# CertifyOS API


## Servers

Production
```
https://ng-api-production.certifyos.com
```

Staging (Test Data)
```
https://ng-api-stg.certifyos.com/
```

## Security

### BearerAuth

Type: http
Scheme: bearer
Bearer Format: JWT

## Download OpenAPI description

[CertifyOS API](https://docs.certifyos.com/_bundle/reference/application/api.yaml)

## auth-tokens

### Obtain an access token with a 24-hour expiry.

Contact our support team to request the client_id and client_secret.

 - [POST /auth-tokens/v2/api](https://docs.certifyos.com/reference/application/api/auth-tokens/authtokenscontroller_createapitoken.md): Provides an access token to query the APIs

## credentialing-workflows

### CredentialingWorkflowsController_revertStatus

 - [PATCH /credentialing-workflows/{id}/revert-status](https://docs.certifyos.com/reference/application/api/credentialing-workflows/credentialingworkflowscontroller_revertstatus.md)

### Create Credentialing Note

 - [POST /credentialing-workflows/{id}/notes](https://docs.certifyos.com/reference/application/api/credentialing-workflows/credentialingworkflowscontroller_createcredentialingnote.md): Creates a new note associated with the specified credentialing workflow.

      ### Functionality
      - Adds a user-generated note to a credentialing workflow.
      - Useful for internal communication, tracking decisions, or annotating the process.
      - The note will be associated with the given workflow ID.

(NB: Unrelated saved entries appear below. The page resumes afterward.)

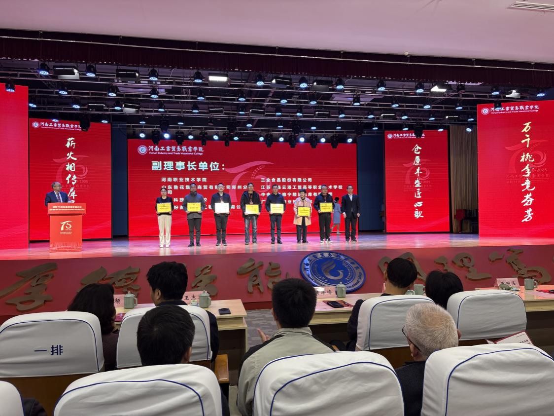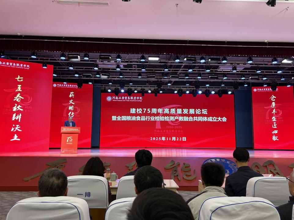 2025年11月21日至22日,河南工业贸易职业学院迎来建校75周年重要活动——“建校75周年高质量发展论坛暨全国粮油食品行业检验检测产教融合共同体成立大会”。本次大会由中国检验认证集团检验有限公司、河南工业大学、河南工业贸易职业学院联合主办,以“融合促进共赢——全国粮油食品行业检验检测产教融合共同体”为主题,汇聚行业智慧,共绘粮油食品检验检测领域产教融合新蓝图。我校当选全国粮油食品行业检验检测产教融合共同体副理事长单位,粮油与管理学院副院长刘洋、教师代表李杭峰参会。
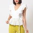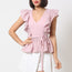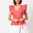 Imported S.M.L -Crotchet Peplum top w/ self -front tie -V-Neck with ruffle front designs and on shoulder -Zipper on the back 48% Rayon 52% Nylon Dusty Rose VAL
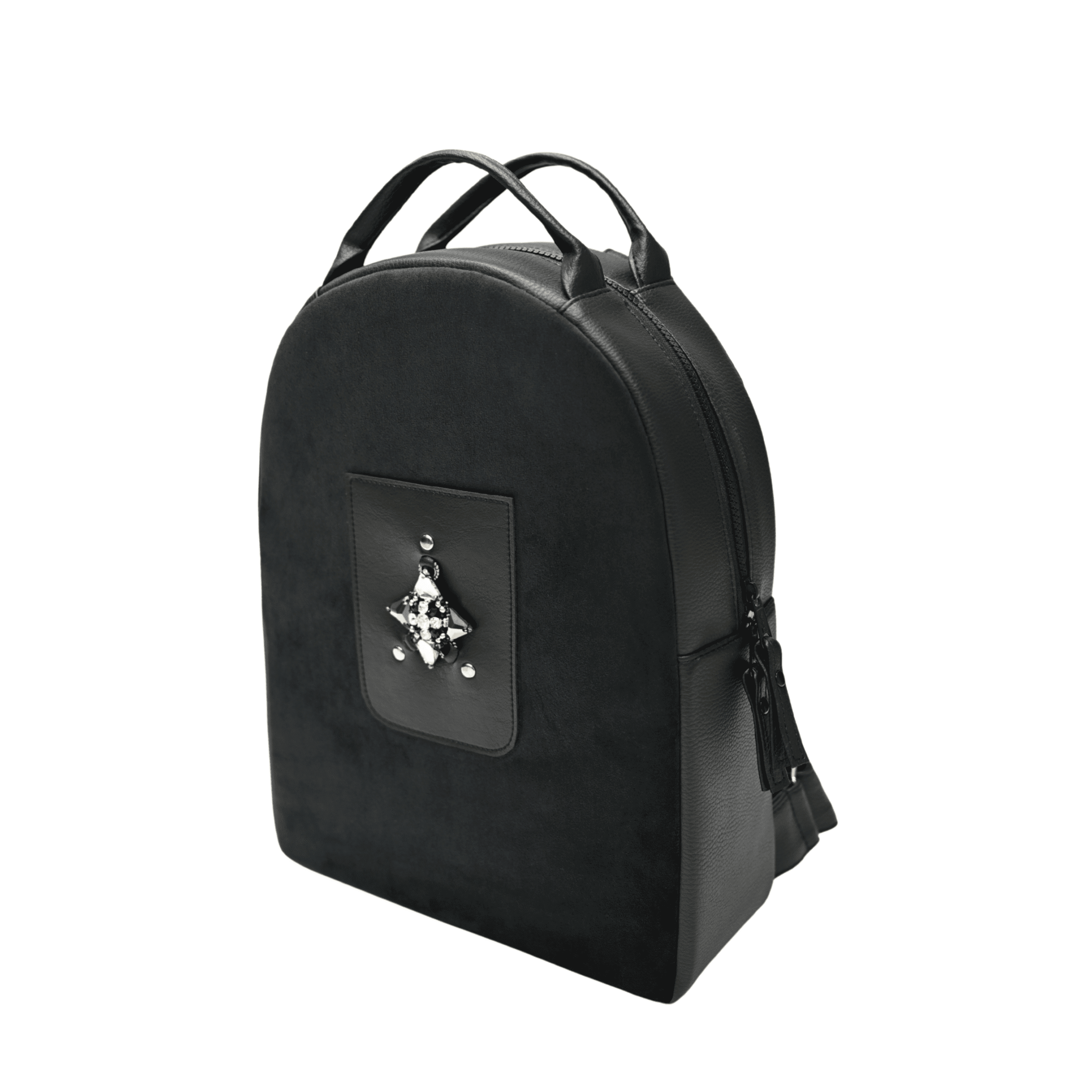 - Prabangus dizainas: Juoda veganiška oda derinama su juodu aksominiu audiniu, kuris puošia kuprinės priekinę dalį.
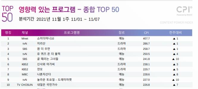 | ▲ 11월 첫째 주 CPI 리포트 [CJ ENM 제공. 재판매 및 DB 금지] |
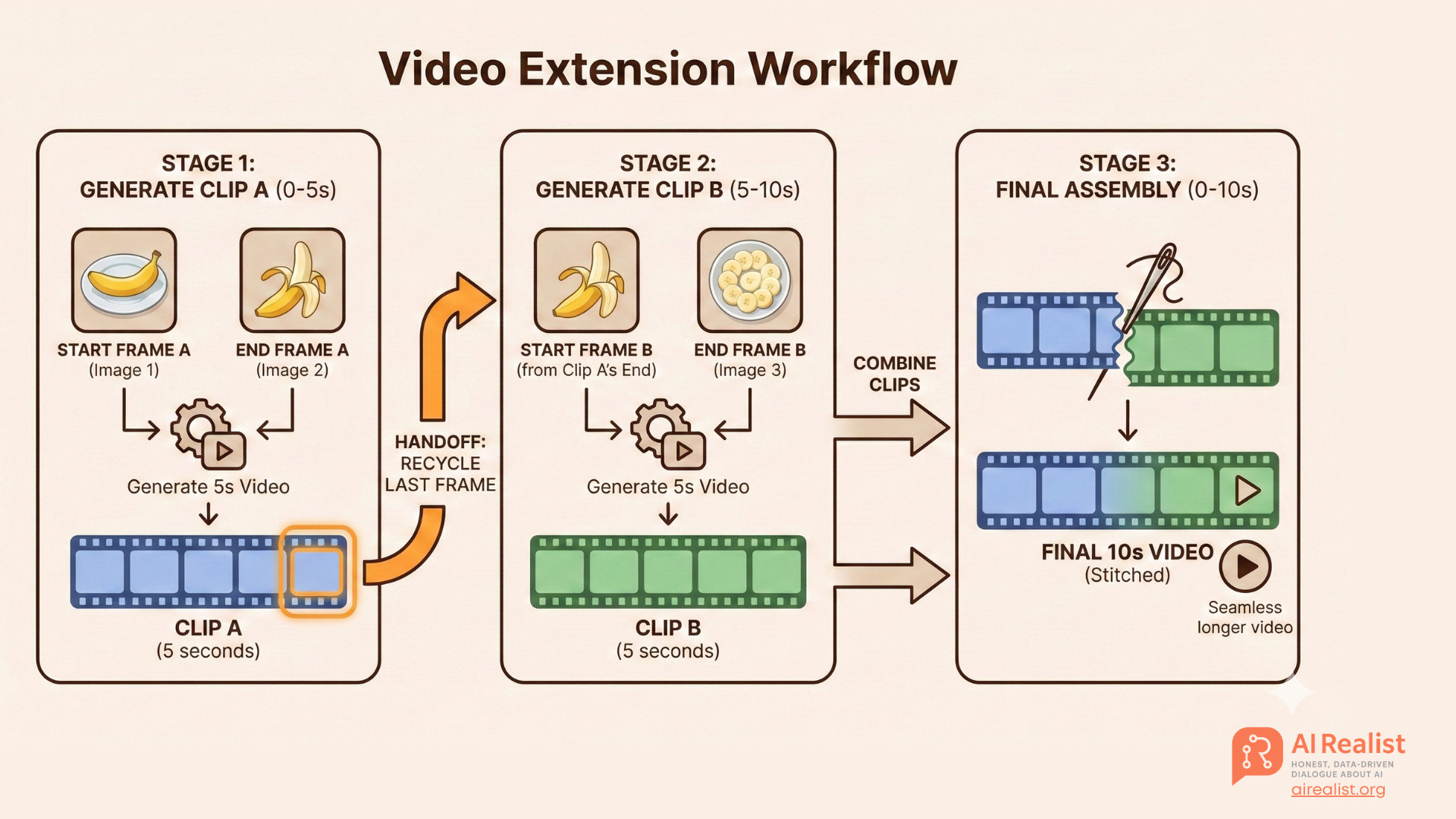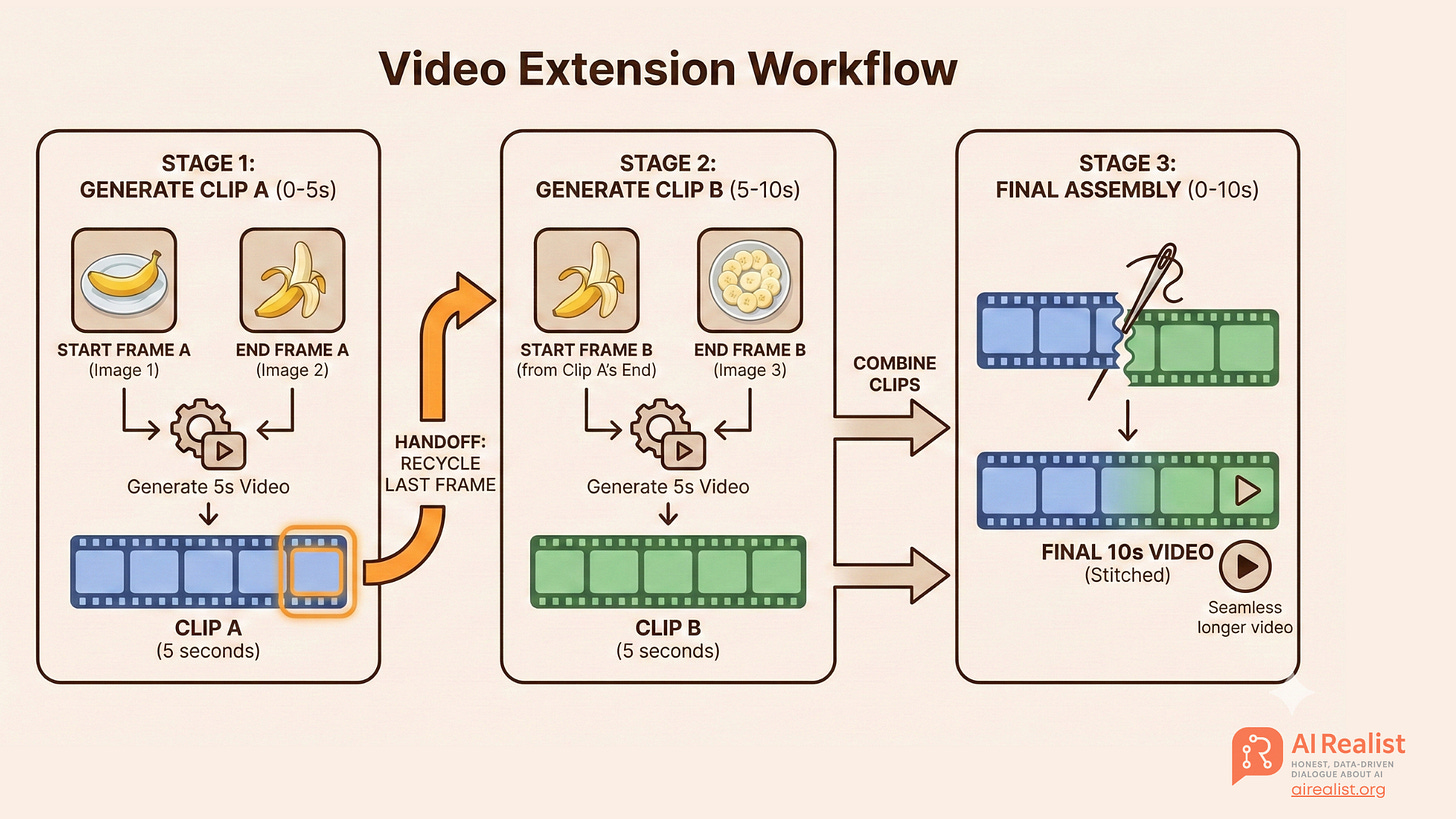 The Workaround: The “Handshake Method” Since we can’t generate a long video at once, we treat the video like a relay race. We use a technique called the Handshake Method (or Video Extension Workflow). We generate short 5-to-10-second clips and stitch them together, strictly using the last frame of the previous clip to anchor the start of the next one.
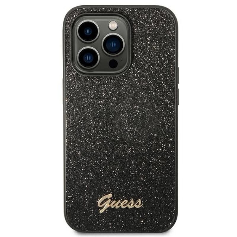 Etui Guess Glitter Script na iPhone 14 Pro - czarne
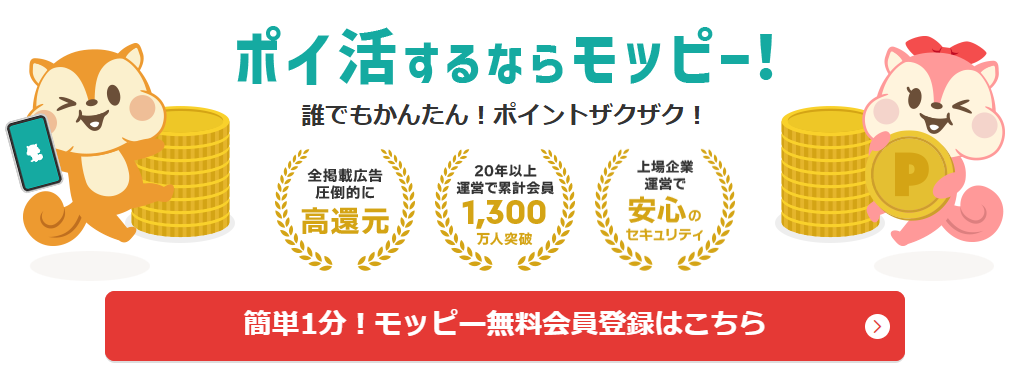 ちなみに、モッピーは株式会社セレスが運営するポイントサイトで、東証一部にも上場している企業です。
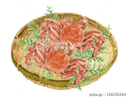水彩で描いたヒバを敷いたザルに盛った毛蟹の水彩画【手描き】白バック 透過背景
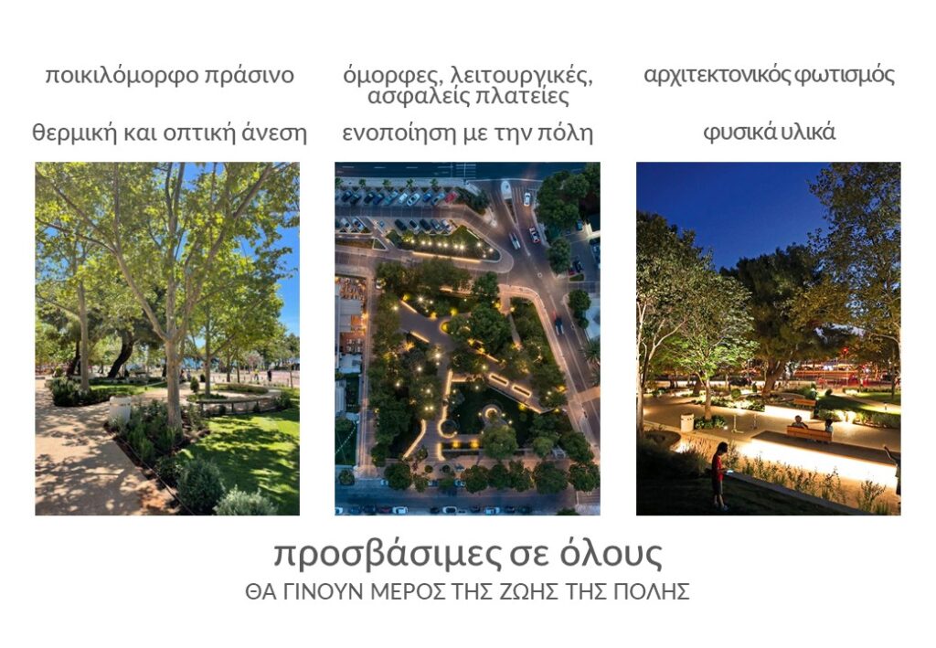 - Οι νέες πλατείες θα έχουν ποικιλόμορφο πράσινο και ψηλά δέντρα, με ειδική μελέτη φωτισμού και σημεία δροσισμού για τις ημέρες καύσωνα.
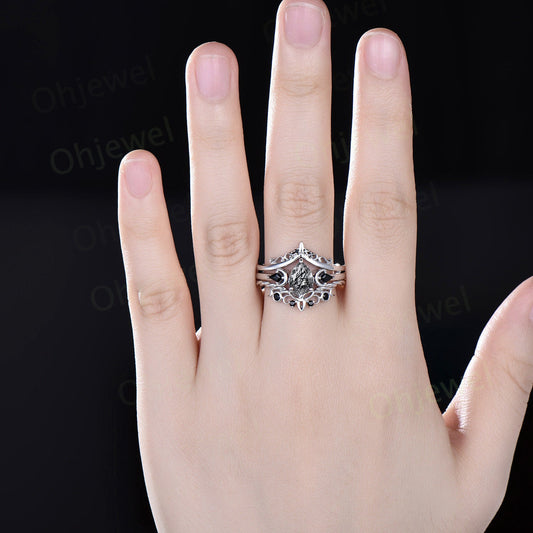Vintage pear black rutilated quartz engagement ring white gold art deco moon ring set black stone unique anniversary promise ring women her
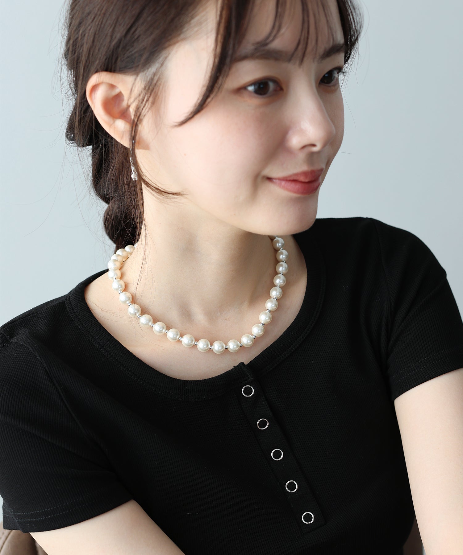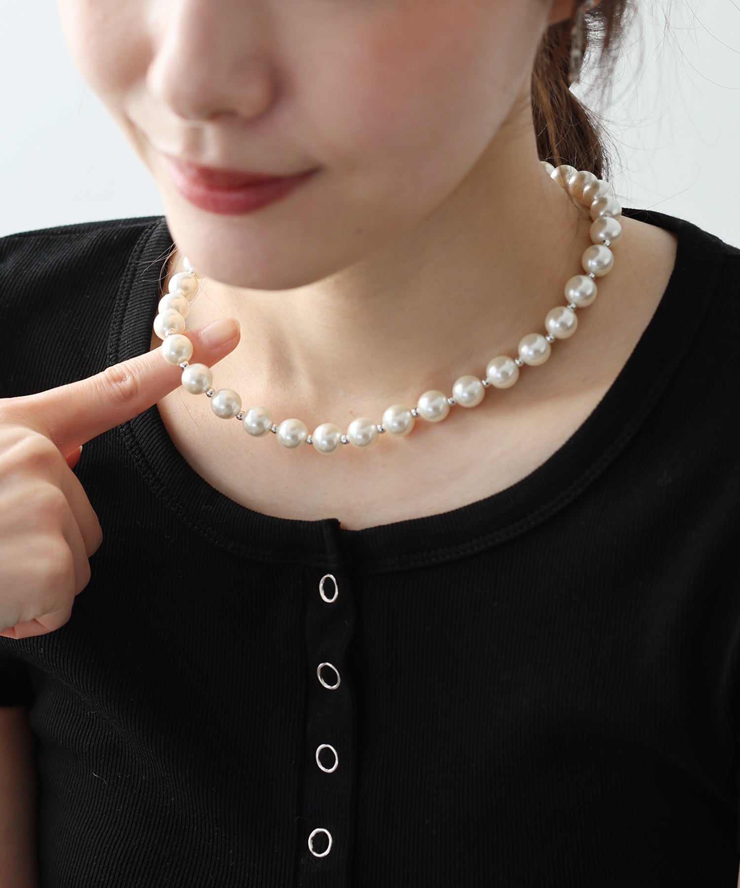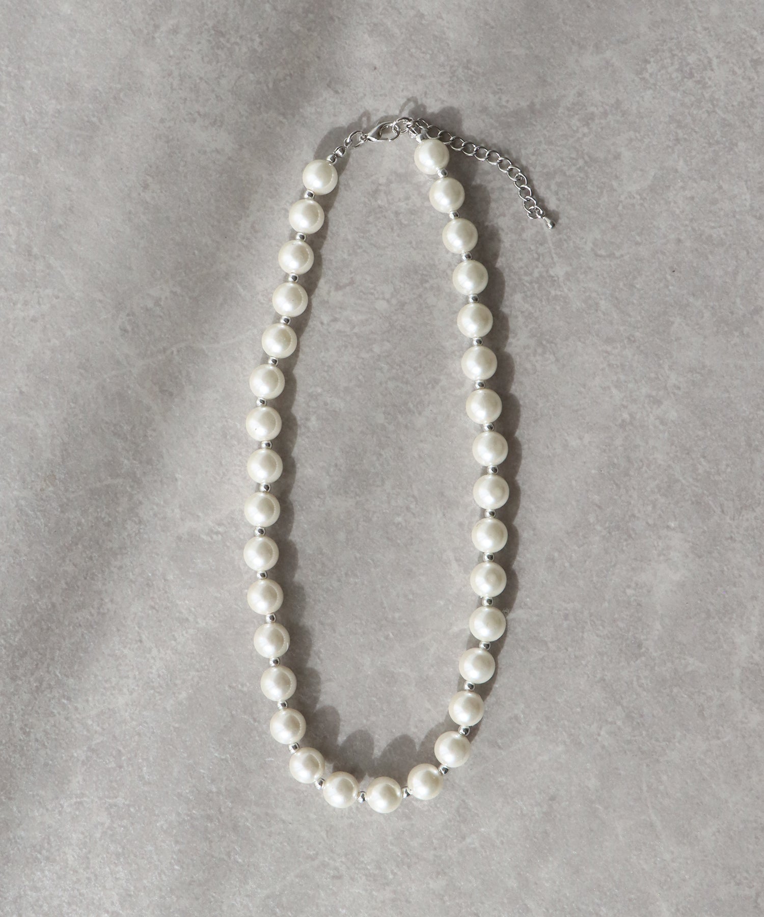 適度に存在感のある9mm玉のネックレスはTシャツやスウェットなどと合わせると
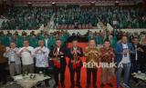 Direktur Utama Bank BTN Nixon LP Napitupulu bersama Rektor Universitas Syiah Kuala Prof. Dr. Ir. Marwan berfoto bersama saat menghadiri Pelatihan Developer Milenial Bank BTN yang diselenggarakan di Audiotorium Universitas Syiah Kuala (USK), Banda Aceh, Jumat (13/10/2023). Bank BTN mengajak para mahasiswa untuk menjadi pengusaha properti atau developer yang memiliki potensi bisnis yang besar dikarenakan angka backlog perumahan yang masih tinggi sebanyak 12,71 juta unit. (FOTO : Dok Republika)
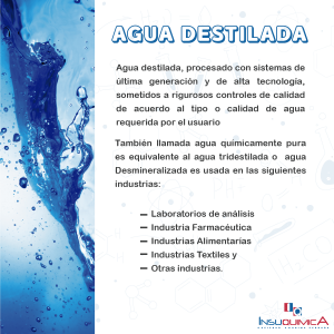 AGUA DESTILADA, es procesado con sistemas de última generación y de alta tecnología, sometidos a rigurosos controles de calidad de acuerdo al tipo o calidad de agua requerida por el usuario
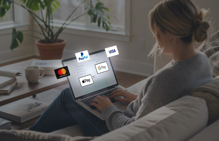 PayPal, Apple Pay, Google Pay, Visa, Mastercard – plus prepayment and cash payment on site.
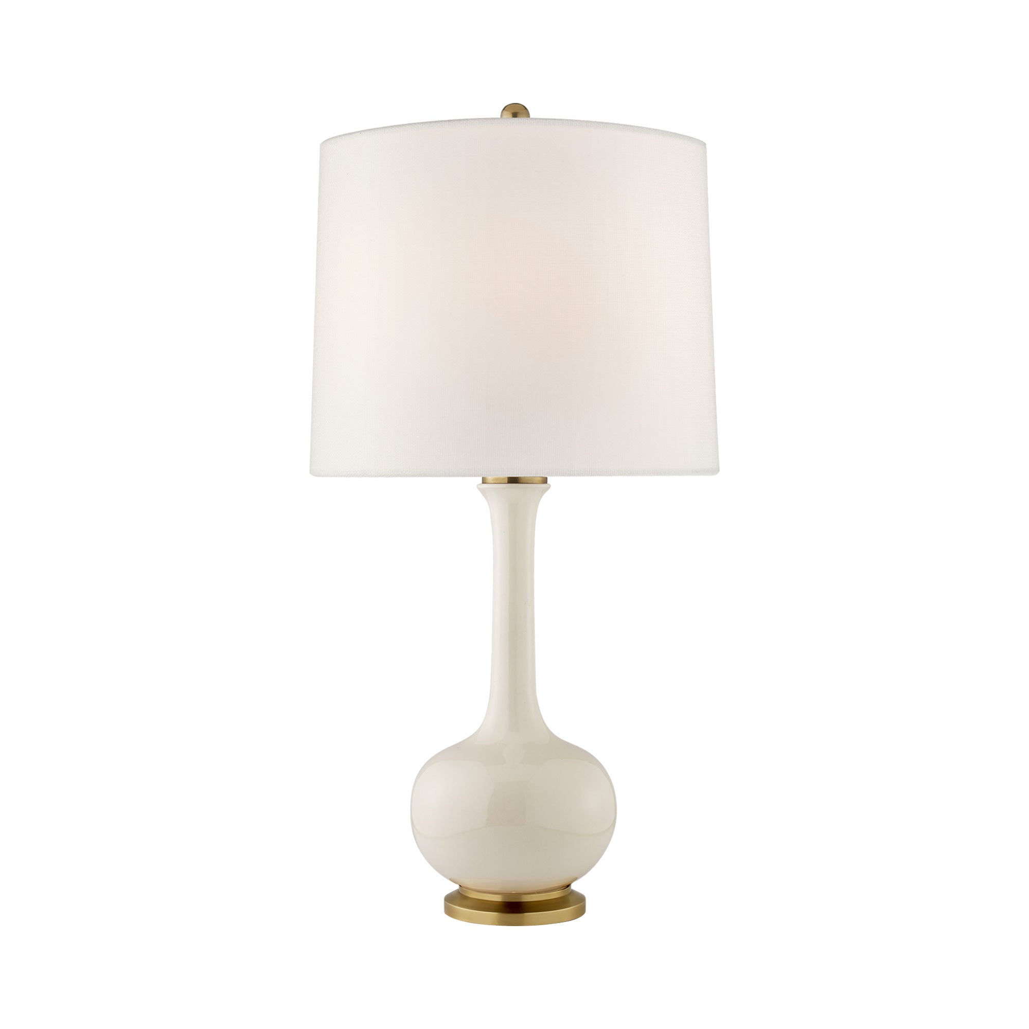 The Coy Table Lamp from Visual Comfort Signature repurposes a classic Mid-Century Modern design, updating it to work superbly with more contemporary room designs. Gorgeous with a long-neck bottle silhouette, its ceramic glaze finish body infuses romance, with a metal base and accents adding appropriate embellishments. Warm, glowing light filters through a conventional linen shade, creating a calming flavor perfect for bedrooms and living rooms.

### Update Credentialing Note

 - [PATCH /credentialing-workflows/{id}/notes/{noteId}](https://docs.certifyos.com/reference/application/api/credentialing-workflows/credentialingworkflowscontroller_updatecredentialingnote.md): Updates an existing note associated with a credentialing workflow.

### Populate template fields for credentialing workflow

 - [GET /credentialing-workflows/{id}/populate-template-fields](https://docs.certifyos.com/reference/application/api/credentialing-workflows/credentialingworkflowscontroller_populatetemplatefields.md): Retrieves and populates template fields for the specified credentialing workflow. Useful for generating documents, emails, or other communications that require workflow-specific data to be inserted into templates.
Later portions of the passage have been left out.